36. The method as claimed in claim 35, wherein the embossing master
is produced by (a) depositing a film of curable material on a base,
(b) selectively exposing the material to cure it to the shape of
the master and (c) developing away non-exposed material.
37. The method as claimed in claim 35, wherein the embossing master
is produced by (a) depositing a film of curable material on a base,
(b) selectively exposing the material to cure it to the shape of
the master and (c) developing away non-exposed material; and
wherein the steps (a), (b) and (c) are repeated for each of one or
more subsequent layers.
38. The method as claimed in claim 37, wherein there is a different
exposure pattern for at least two layers.

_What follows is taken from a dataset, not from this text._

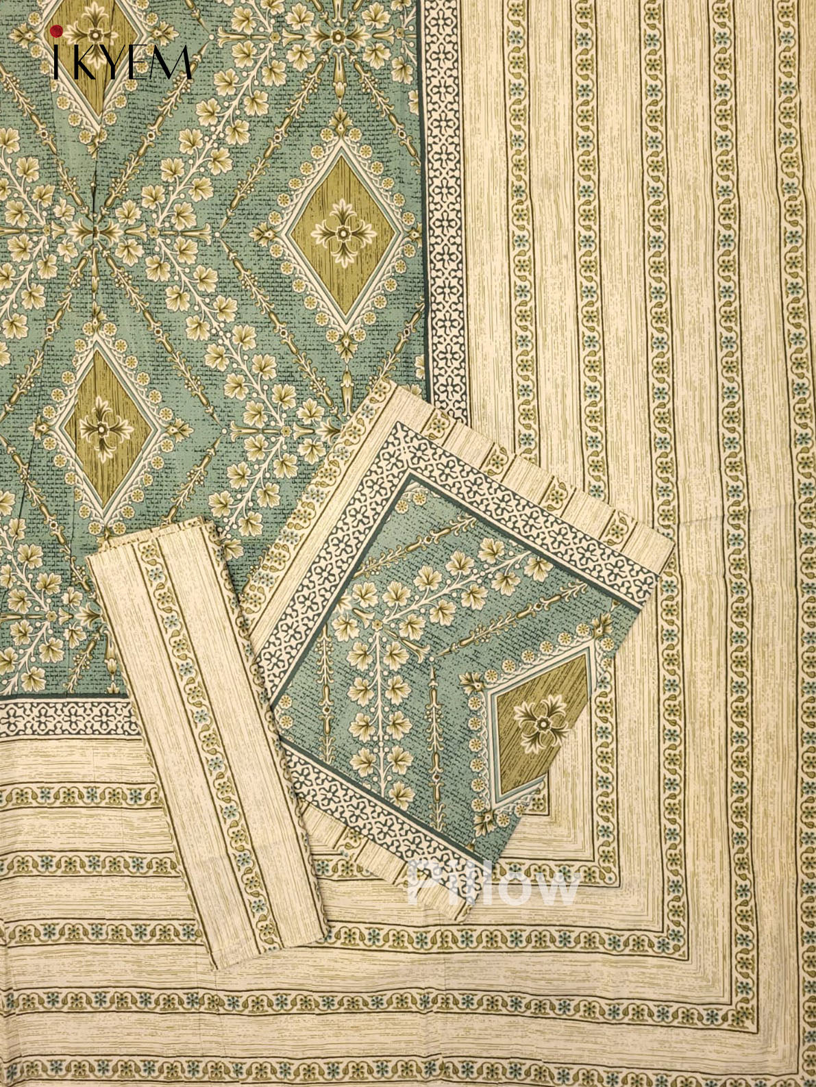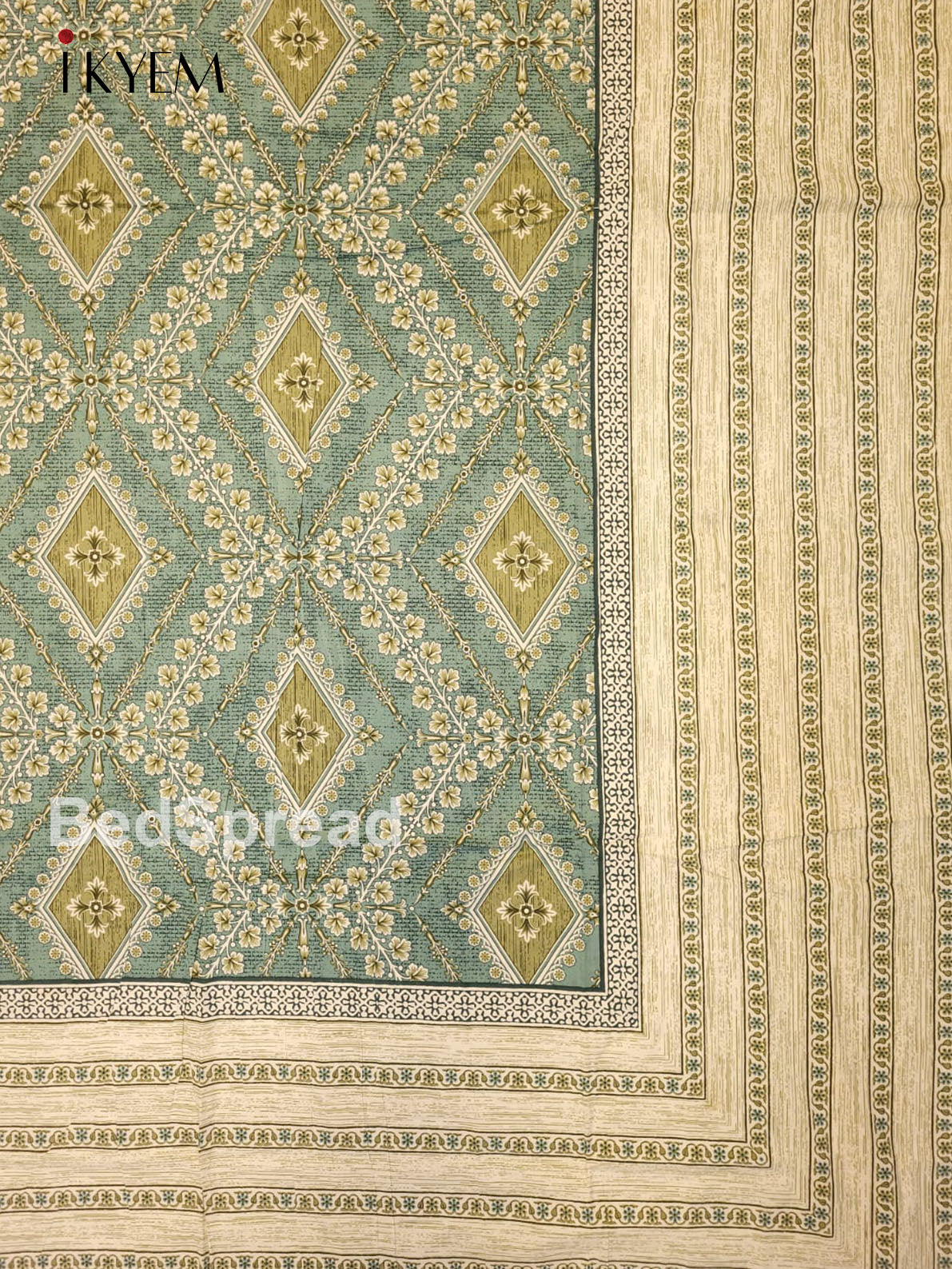 Experience the pinnacle of comfort and elegance with our  Cream & Pastel Green Jaipuri Printed Bedspread, complete with two matching pillow covers. Adorned with stunning floral designs and vibrant hues, this bedspread is crafted from high-quality cotton for the ultimate combination of style and coziness
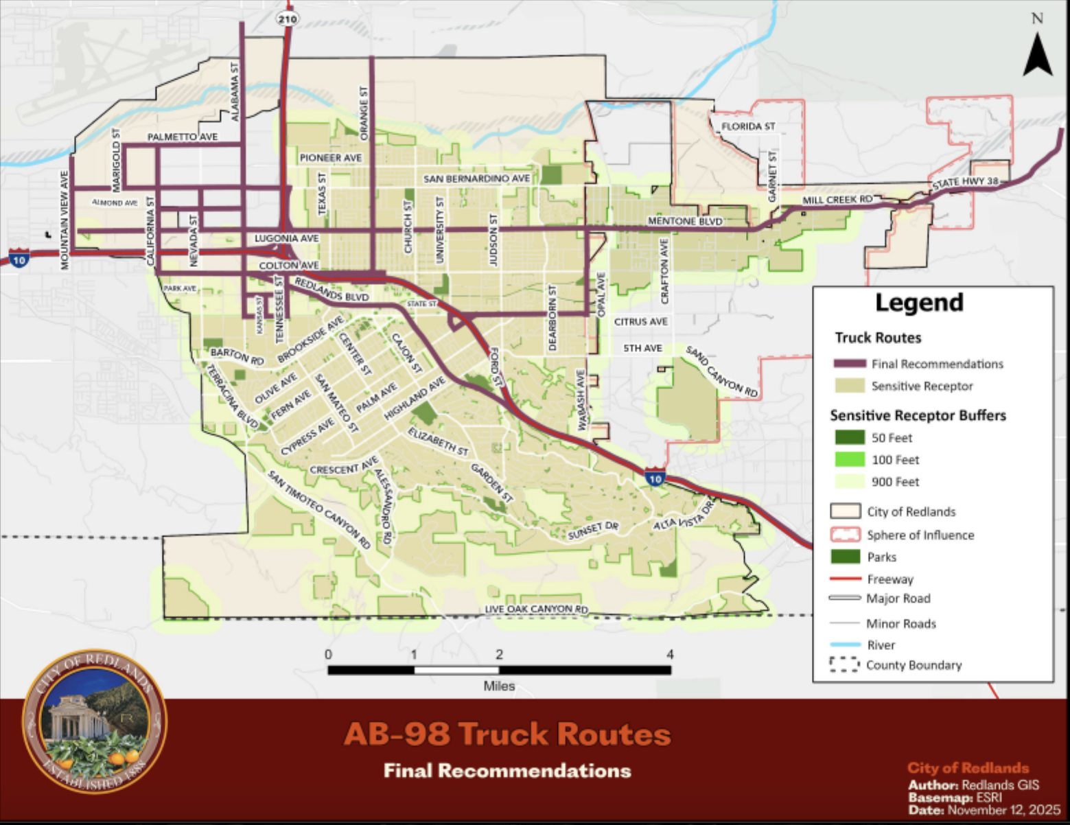 Redlands’ current truck route map was adopted as part of the city’s 2035 General Plan. The updated map is intended to bring the city into compliance with AB 98, which was signed into law Sept. 29, 2024.

39. The method as claimed in claim 35, wherein the master has
features for embossing both socket and channel grooves in the
blank.
40. The method as claimed in claim 35, wherein the embossing master
is produced by (a) depositing a film of curable material on a base,
(b) selectively exposing the material to cure it to the shape of
the master and (c) developing away non-exposed material; and
wherein a film of material is common to features for both socket
and channel grooves, and at least one subsequent film is only for
the socket groove feature.
41. The method as claimed in claim 35, wherein the embossing master
is produced by (a) depositing a film of curable material on a base,
(b) selectively exposing the material to cure it to the shape of
the master and (c) developing away non-exposed material; and
wherein the material is a cross-linkable photoresist.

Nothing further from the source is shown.